Through the images and narratives of 20 buildings the exhibition explores key themes related to architectural, social and cultural history of Tashkent and its current condition. It exposes the Soviet modernist layer of Tashkent as a unique artistic, cultural and social phenomenon capable of adequately revealing the specific character of Soviet modernization in Central Asia. More than just another “peripheral case” of multiple modernities or a white spot on the world map of architectural modernism of XX century, this architecture – being relevant to the global cultural scene – reflects the colonial, postcolonial and, at the same time, decolonial aspects of the Soviet social and cultural experiment. After WWII Tashkent was assigned the role of the capital of the Soviet Orient, a vitrine of socialism in the East. Conceived by both local and Moscow architects, the distinctive quality of Tashkent modernism derives from the tension between this aspiration to embody the socialist Orient in architecture and the one that resisted it to find more subtle interpretations of the local.

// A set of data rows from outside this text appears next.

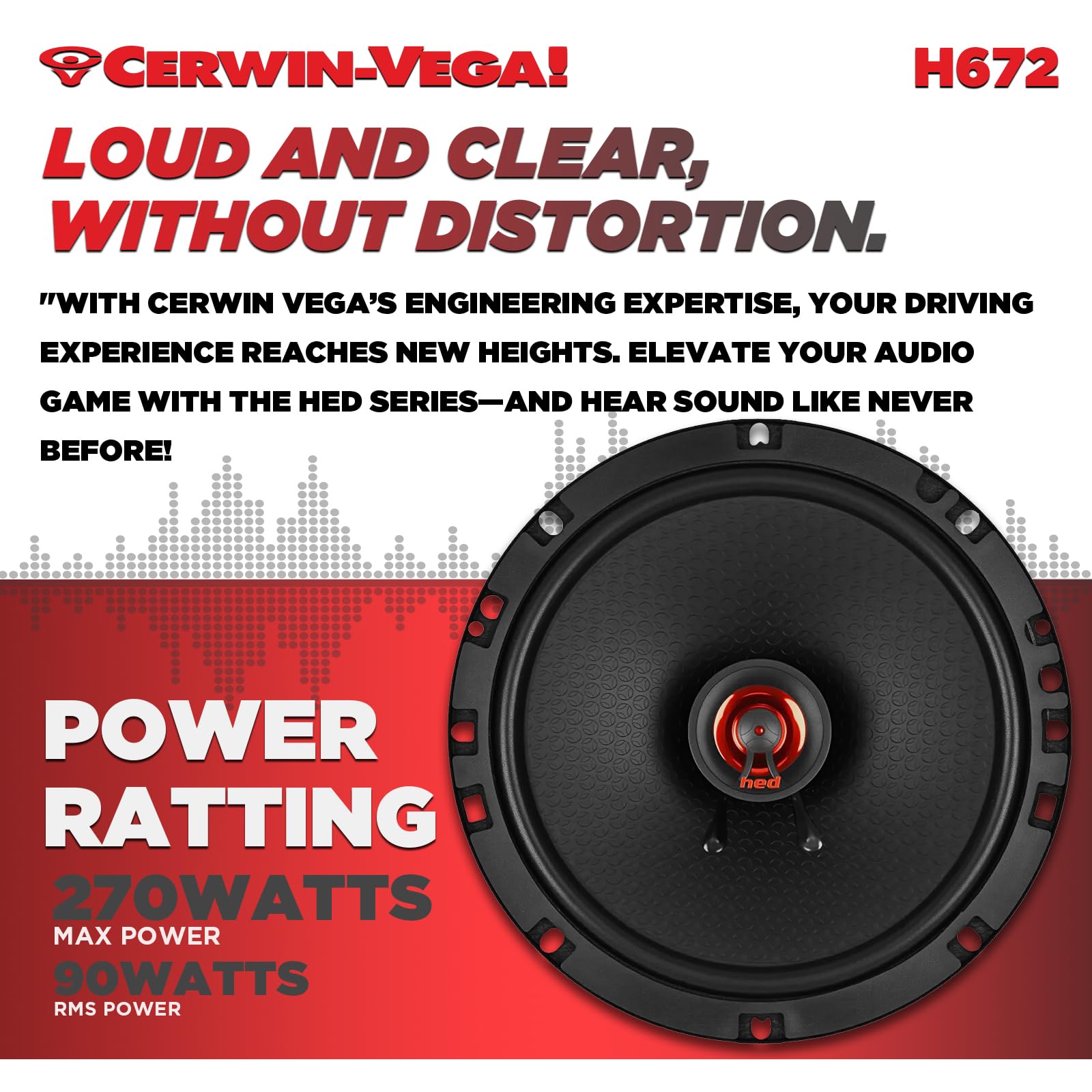 Built with Cerwin Vega’s HED technology, the H672 features a reinforced cone for midbass accuracy and an integrated tweeter for precise high-frequency reproduction. The efficient motor structure ensures high sensitivity, delivering strong output even from factory head units. Durable construction and low-distortion design make these speakers reliable and long-lasting for consistent in-car audio performance.
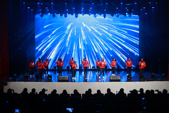 尾声环节,校艺术团携手全体演员带来歌曲串烧《青春正现在》、《我和我的祖国》,唱出了北工院人奋进新时代、筑梦新征程的豪情壮志。现场灯光璀璨,掌声、欢呼声此起彼伏,汇聚成一片欢乐的海洋。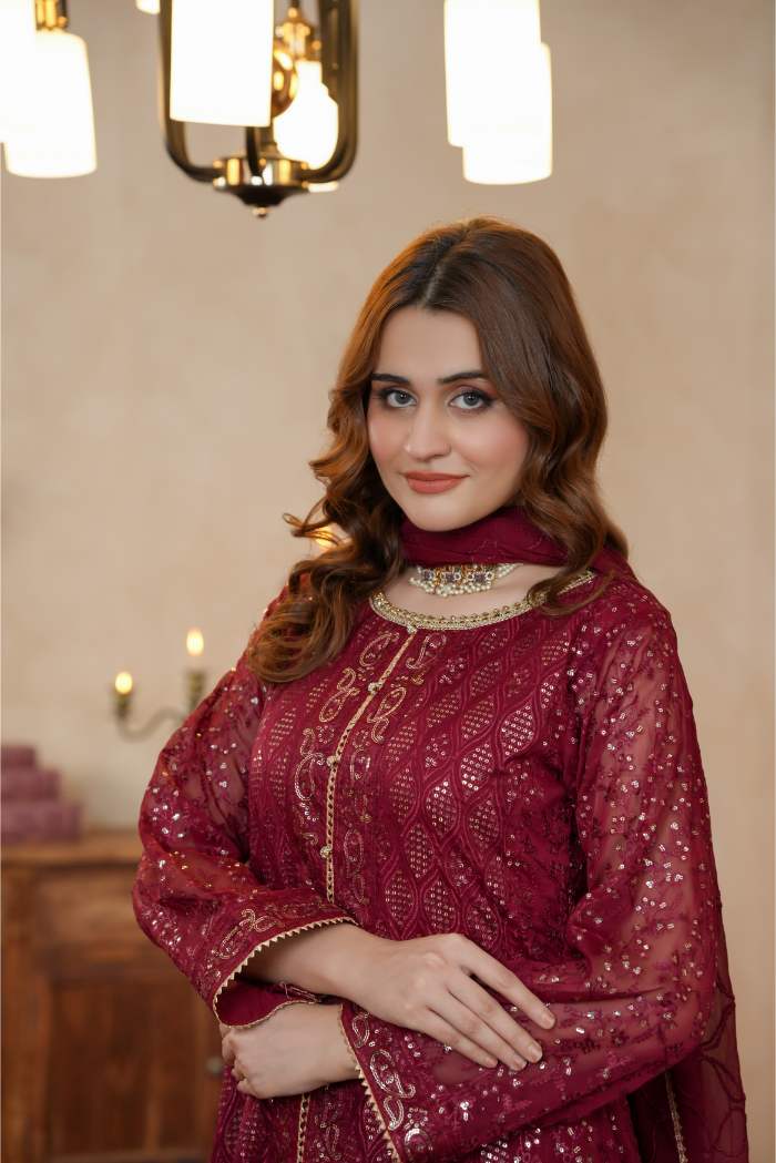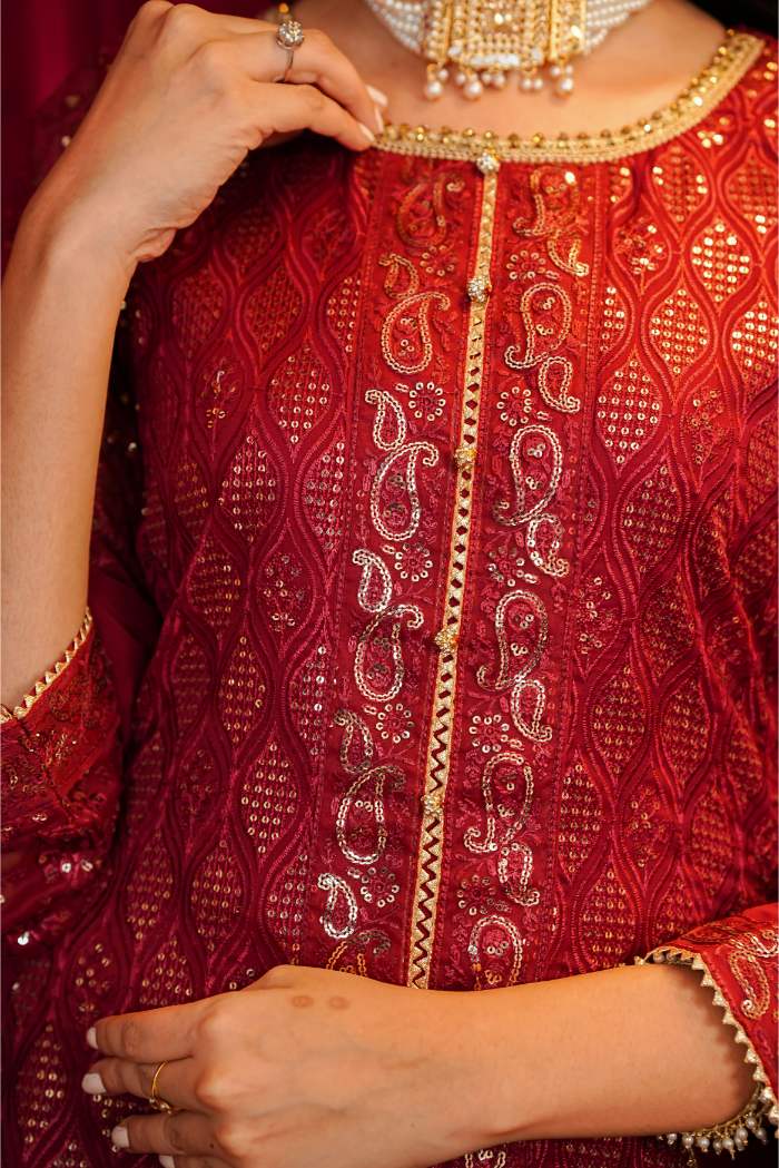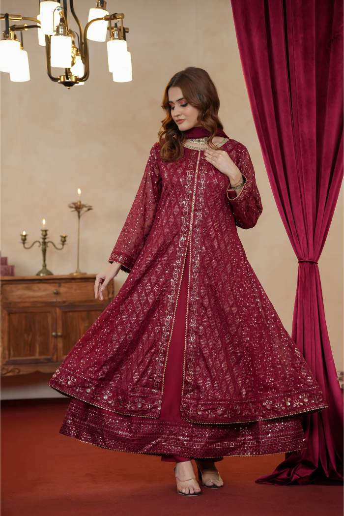 This stunning ensemble is crafted on premium chiffon fabric, beautifully adorned with intricate chikan kari embroidery and delicate thread work that adds timeless charm. The neckline is accentuated with exquisite hand embellishments, lending a regal touch to the design. Featuring a graceful front-open double shirt style, this outfit combines elegance with a contemporary silhouette. The rich maroon hue paired with its detailed embroidery makes it an ideal choice for festive occasions, weddings, and formal gatherings.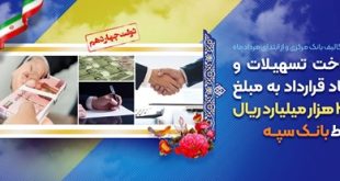 پرداخت تسهیلات و انعقاد قراردادبه مبلغ ۳۴۳ هزار میلیارد ریال توسط بانک سپه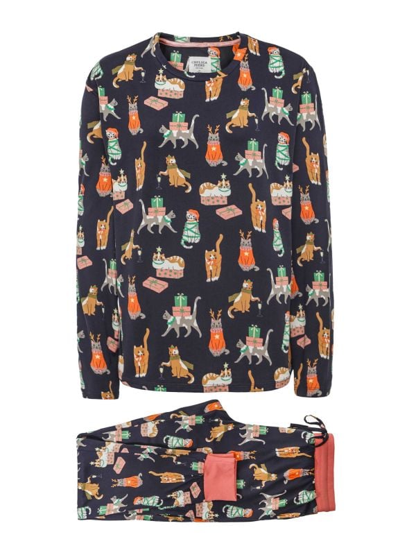 Relax in the Christmas Cats Long Pyjamas by Chelsea Peers. This two-piece set features a crew-neck long-sleeve top and matching drawcord trousers with ribbed ankle cuffs for a neat, comfortable fit. The trousers include side slip pockets and an elasticated waist with a tie for easy adjustment. An all-over festive cat and gift print gives the set a playful seasonal feel, while the soft, fluid construction drapes smoothly for sleep and relaxed days at home.
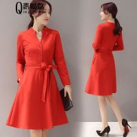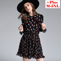 早秋新款韩版秋季领口系带口红印花高腰长袖连衣裙胖MM裙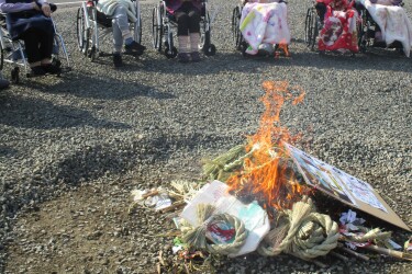 今年皆さんに書いていただいた書き初めやお飾りを燃やして

The exhibition consists of two interwoven layers: photographs by Armin Linke, and archival documentation, exposing the research narratives and preservation strategies.
Armin Linke’s work poses a larger question of the nature of images. Today, as photography has become much more than a mere representation of reality, but an ambiguous reality onto its own, the exhibition maintains an attitude critical towards the image as a sublayer. Intending to avoid the clichés formed during the last 15 years in the representation of Soviet modernism, whereby the modernist buildings are portrayed out of context, and glorified as remnants of an exotic, remote and extinguished culture, Armin Linke’s photographs aim – rather than immortalizing the passing beauty of Tashkent modernism – to highlight its contemporary value, at times intrinsic and at times acquired. Similarly to Agamben’s contemporaneity, defined as the “relationship with (own) time that adheres to it through a displacement and an anachronism”, these buildings, built between 1960s and early 1990s, are seen as powerful metaphors to reinterpret the present day Tashkent.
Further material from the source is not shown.